Lets say I have two tables A and B as below;
Table "A"
code | emp_no
101 | 12222
102 | 23333
103 | 34444
104 | 45555
105 | 56666
Table "B"
code | city | county
101 | Glen Oaks | Queens
101 | Astoria | Queens
101 | Flushing | Queens
102 | Ridgewood | Brooklyn
103 | Bayside | New York
Expected Output:
code | emp_no | city | county
101 | 12222 | Glen Oaks | Queens
102 | 23333 | Ridgewood | Brooklyn
103 | 34444 | Bayside | New York
104 | 45555 | NULL | NULL
105 | 56666 | NULL | NULL
If you notice my result has only the one matched record from table "B"(doesn't matter what record is matched) after left join (and it is a one to many mapping)
I need to pick the first matched record from table B and ignore all other rows.
Please help!
Thanks
After playing around a bit, this turns out to be trickier than I'd expected! Assuming that table_b has some single column that is unique (say, a single-field primary key), it looks like you can do this:
SELECT table_a.code,
table_a.emp_no,
table_b.city,
table_b.county
FROM table_a
LEFT
JOIN table_b
ON table_b.code = table_a.code
AND table_b.field_that_is_unique =
( SELECT TOP 1
field_that_is_unique
FROM table_b
WHERE table_b.code = table_a.code
)
;
Another option: OUTER APPLY
If supported by the database, OUTER APPLY is an efficient and terse option.
SELECT *
FROM
Table_A a
OUTER APPLY
(SELECT TOP 1 *
FROM Table_B b_1
WHERE b_1.code = a.code
) b
;
This results in a left join to the indeterminate first matched record. My tests show it to be quicker than any other posted solution (on MS SQL Server 2012).
The highest voted answer does not seem correct to me, and seems overcomplicated.
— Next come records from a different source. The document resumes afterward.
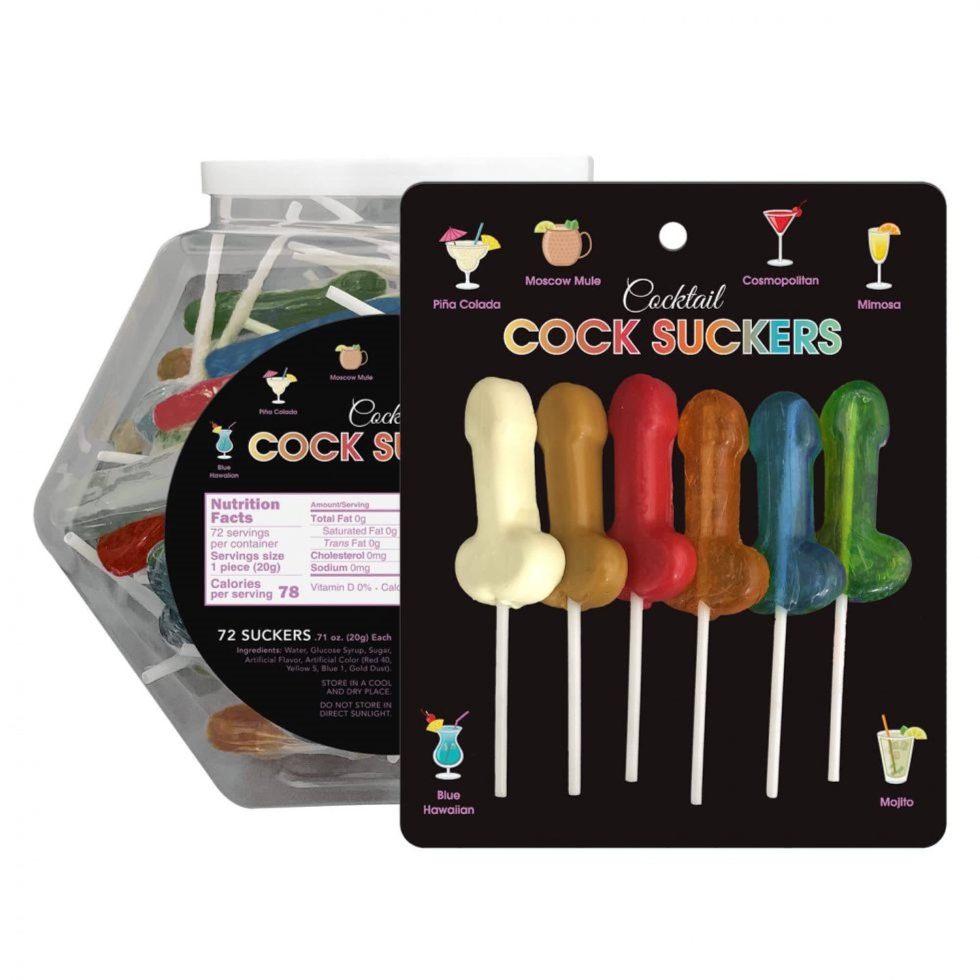 Cocktail Cock Suckers 72 Pieces Fishbowl Display from Kheper Games. Cocktail Cock Suckers Suck down your favorite drinks, with these fun cocktail flavored cock suckers. Each sucker is a different flavor including: Pina Colada, Moscow Mule, Cosmopolitan,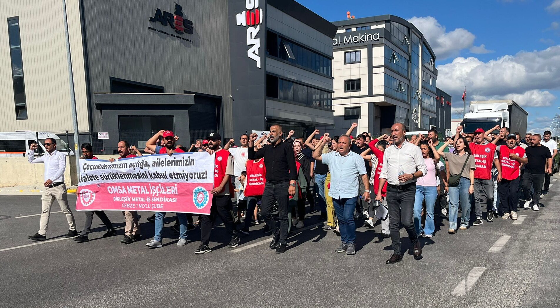 Sendikal haklarını kullandıkları için işten atılan, ilk günkü kararlılıkla mücadelelerini sürdüren OMSA Metal işçileri, Dilovası’ndaki OSB’nin içinde “Sendika hakkımız engellenemez!”, “Bu daha başlangıç, mücadeleye devam!” sloganlarıyla yürüdü.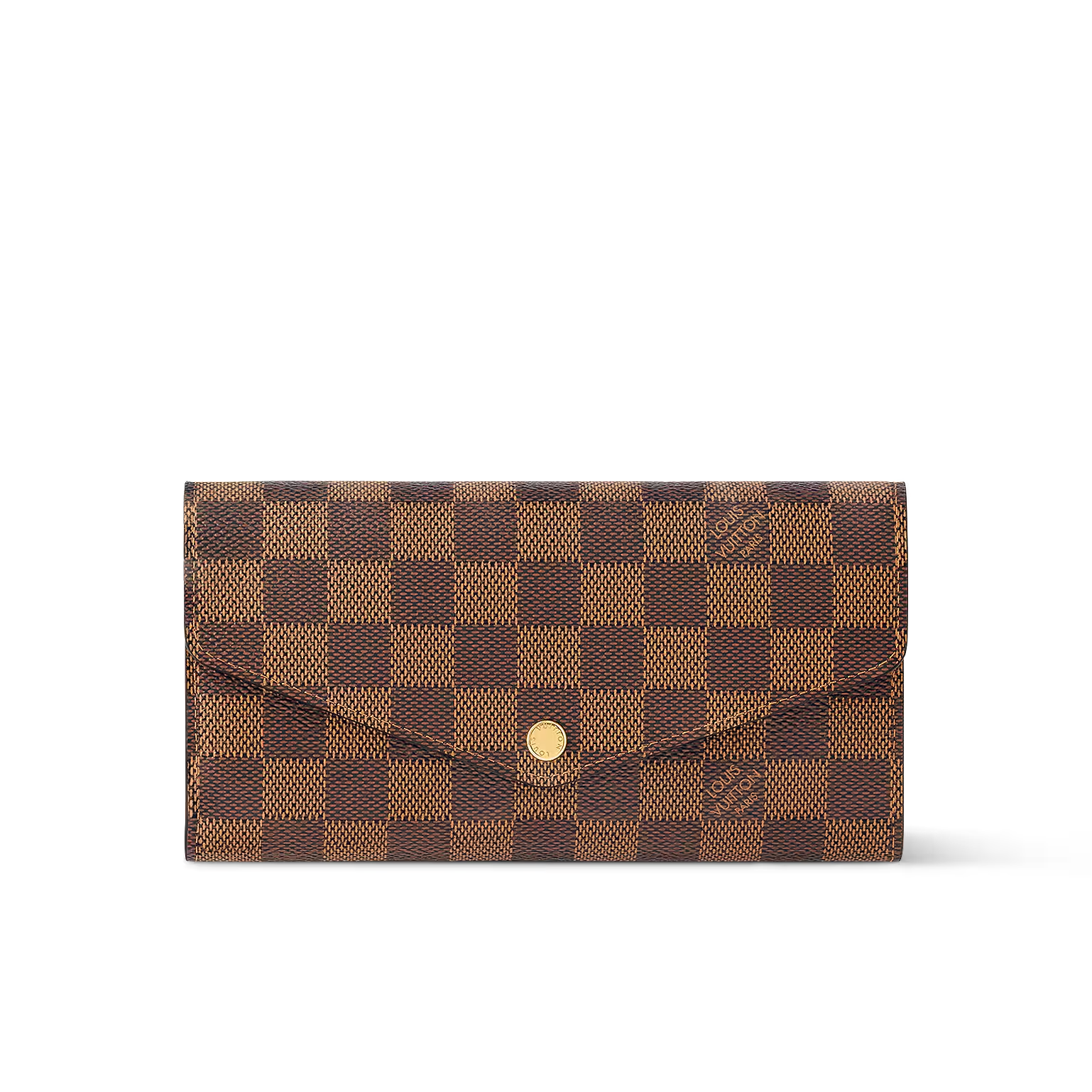 The Sarah wallet comes in Louis Vuitton's historic Damier Ebene canvas, complemented by a grained-leather lining. This classic wallet combines a feminine look with a highly functional design, including two roomy compartments, a zipped coin pocket and numerous card slots. Its envelope-style flap is sealed with an engraved, gold-tone press-stud.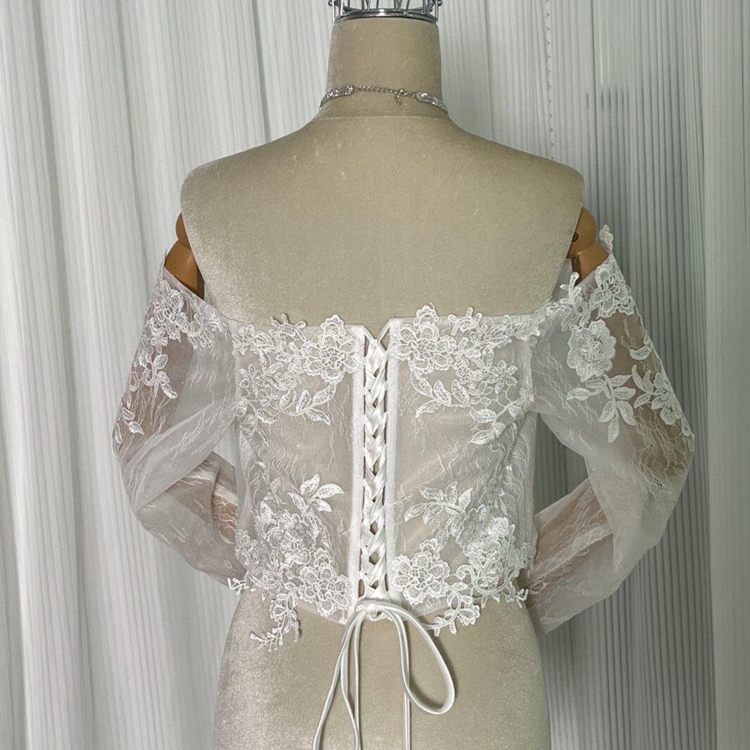 ボレロ オフショルダー ロングスリーブ 花モチーフ レース 編み上げ 花嫁/ウェディングドレス

Just group by the code field on table B in your subquery and select the maximum Id per grouping.
SELECT
table_a.code,
table_a.emp_no,
table_b.city,
table_b.county
FROM
table_a
LEFT JOIN
table_b
ON table_b.code = table_a.code
AND table_b.field_that_is_unique IN
(SELECT MAX(field_that_is_unique)
FROM table_b
GROUP BY table_b.code)
If you are on SQL Server 2005 or later version, you could use ranking to achieve what you want. In particular, ROW_NUMBER() seems to suit your needs nicely:
WITH B_ranked AS (
SELECT
*,
rnk = ROW_NUMBER() OVER (PARTITION BY code ORDER BY city)
FROM B
)
SELECT
A.code,
A.emp_no,
B.city,
B.county
FROM A
LEFT JOIN B_ranked AS B ON A.code = B.code AND b.rnk = 1
OR
WITH B_unique_code AS (
select * from(
SELECT
*,
rnk = ROW_NUMBER() OVER (PARTITION BY code ORDER BY city)
FROM B
) AS s
where rnk = 1
)
SELECT
A.code,
A.emp_no,
B.city,
B.county
FROM A
LEFT JOIN B_unique_code AS B ON A.code = B.code
I modified the answer from ruakh and this seem to work perfectly with mysql.
SELECT
table_a.code,
table_a.emp_no,
table_b.city,
table_b.county
FROM table_a a
LEFT JOIN table_b b
ON b.code = a.code
AND b.id = ( SELECT id FROM table_b
WHERE table_b.code = table_a.code
LIMIT 1
)
;
this is how:
Select * From TableA a
Left Join TableB b
On b.Code = a.Code
And [Here put criteria predicate that 'defines' what the first record is]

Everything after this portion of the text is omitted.